EnCap Investments
- Company type: Limited partnership
- Industry: Private Equity
- Founded: 1988; 38 years ago
- Headquarters: Houston, Texas, United States
- Products: Investments, private equity funds
- AUM: $18 billion (2021)
- Number of employees: 50 (2021)
- Website: encapinvestments.com

= EnCap Investments =

American private equity firm

EnCap Investments is an American private equity firm, specializing in the energy industry, particularly oil & gas. The firm was established in 1988 and is based in Houston, Texas.

== History ==
In 2012, the company started a $4.3 billion fund to invest in oil and gas. In 2013, EnCap was ranked at #16 Private Equity International's PEI 300 list, with some $11.8 billion under management. By 2022, it was ranked #54 with $12.1 billion capital raised over the past five years.

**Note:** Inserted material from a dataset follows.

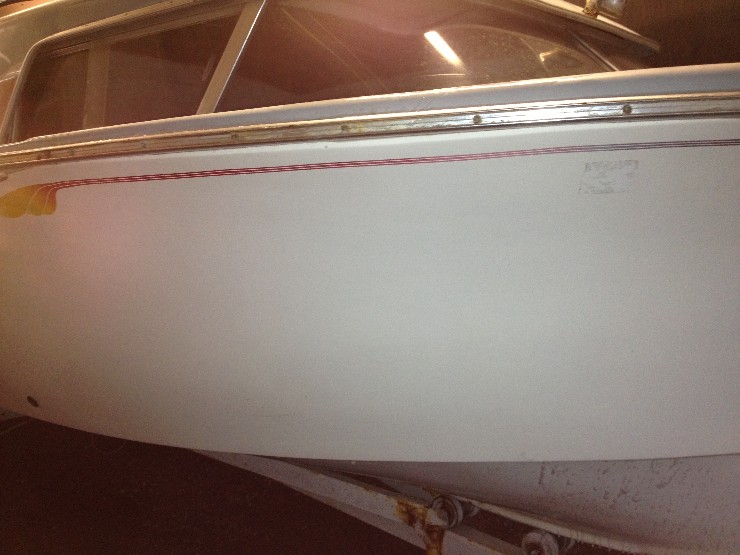 Hey Steve, Yes that windshield will be staying ! I do need to take it over to the glass place so they can kind of put the rubber about 1 and a half feet back in the groove on the frame. Rather have them to it as they might have a special tool and if they break it ......well. I just went out with a bucket of hot water with boat soap with the brush just to wash a few area's to see what it would come out like. Then being it is freezing out there i wipe it off with a towel. Not bad with just a little hot water and soap.There are a few rusty bolts on the roof that need to be taken out. Here's a few picture's that are little bit hard to see but considering the weather. What i was looking for was how smooth the paint was even before rubbing it out and adding polish later. The cabins windows look good too. This will be the first thing i will do and then move on to the cabin and cockpit.Chuck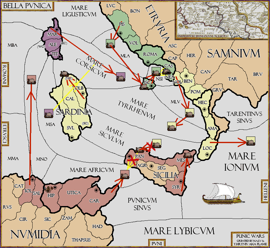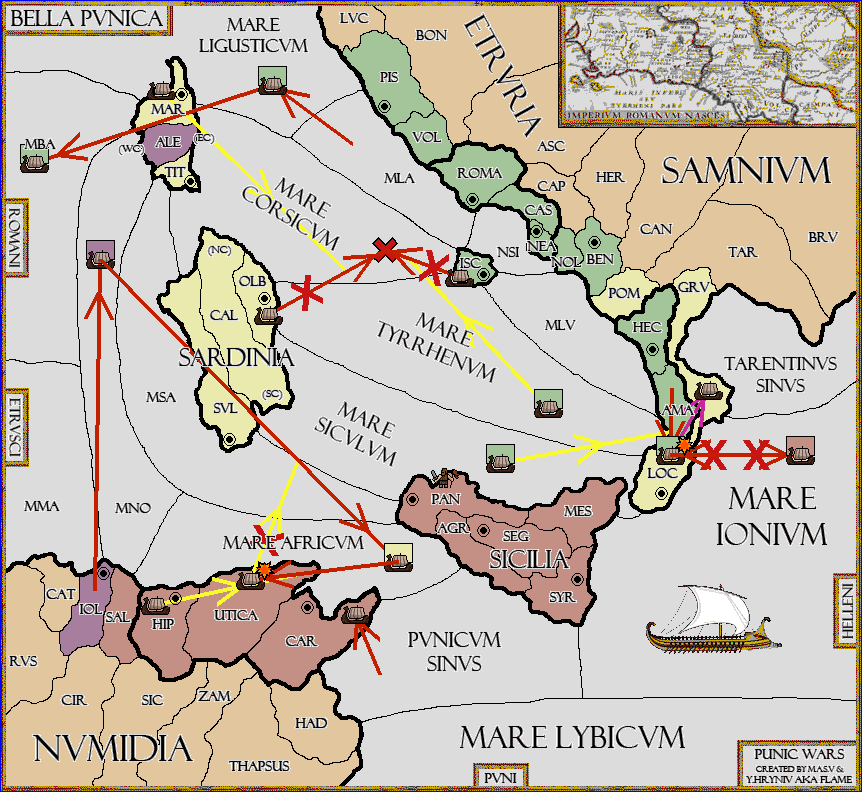The fleet at Mare Tyrrhenum move to Mare Siculum.

Since its founding, EnCap Investments has raised 18 private equity funds.

In February 2019, Kimbell Royalty Partners acquired certain oil and gas royalty assets from EnCap Investments for $151.3 million in a 100% equity transaction.

In February, 2021, Grayson Mill Energy, a company backed by EnCap Investments, acquired Equinor's oil and gas assets in the Bakken Formation in North Dakota for a reported $900 million. It was reported that Equinor held approximately 242,000 net acres in North Dakota at the time of the sale.

Later that year, the company raised $1.2 billion as part of its transition to clean energy investments, particularly wind and solar power.